Proposed interface for file operations by the file dialog code (dlls\commdlg\filedlg*.c)
wine at troy.rollo.name
Mon Aug 15 21:55:35 CDT 2005
Work is currently proceeding on a branched version to create additional APIs
for WINE that use UNIX path names rather than Windows ones. This is useful
for Winelib apps and seeks to make them look more like they are native apps,
thereby addressing some of the complaints that Winelib apps are somehow of
lesser status than ports using other APIs. After some discussion, it was
decided that this would remain a branch until at least such time as the
implementation was proven to work in real-world situations.
Part of this involves producing file dialog APIs that operate appropriately
in this context. That includes taking UNIX path names on input, producing
UNIX path names on output and in callbacks to the application, and browsing a
heirarchy that does not include windows-isms such as drive letters.
To make modifications directly in the existing code would result in a set of
differences that would result in significant headaches for branch maintenance
and any future merge-back to WineHQ. The objective is to reduce the
differences so as to improve compatibility between the branches.
The patch referenced above took a minimal-change approach to this problem by
implementing an interface that mostly implemented the small operations made
by the existing code, without even putting in local stubs (hence the
inconsistent calling conventions in the interface).

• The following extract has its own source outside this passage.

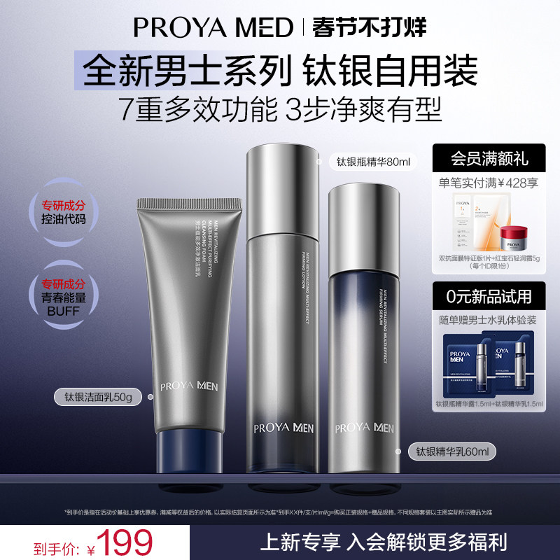 【新年礼物】珀莱雅男士护肤套装钛银瓶精华露洗面奶水乳控油紧致

The general principle I have used is that path names should, as far as
possible, be opaque so that the file dialog code itself never examines their
contents directly, but rather calls functions in the interface to extract or
locate particular portions of the path, to modify or concatenate paths or to
make use of the paths.
The minimalist interface:
HRESULT WINAPI (*get_top_folder) (IShellFolder **);
LPITEMIDLIST (*get_pidl_from_name)(IShellFolder *, LPWSTR);
BOOL (*get_display_name) (LPCITEMIDLIST, LPWSTR);
BOOL WINAPI (*change_directory) (LPCWSTR);
UINT WINAPI (*get_directory) (UINT, LPWSTR);
void (*qualify_path) (LPWSTR, LPCWSTR);
void (*complete_path) (LPWSTR);
BOOL (*has_invalid_char) (LPCWSTR);
LPWSTR WINAPI (*find_next_component) (LPCWSTR);
LPWSTR WINAPI (*find_file_name) (LPCWSTR);
LPWSTR WINAPI (*find_extension) (LPCWSTR);
BOOL WINAPI (*file_exists) (LPCWSTR);
BOOL WINAPI (*is_directory) (LPCWSTR);
LPWSTR WINAPI (*add_dir_sep) (LPWSTR);
DWORD WINAPI (*get_full_path) (LPCWSTR, DWORD, LPWSTR, LPWSTR*);
Minimalist interface vs ideal interface:
On IRC this morning Alexandre said he would prefer a well-designed interface
to the minimalist approach, hence this discussion.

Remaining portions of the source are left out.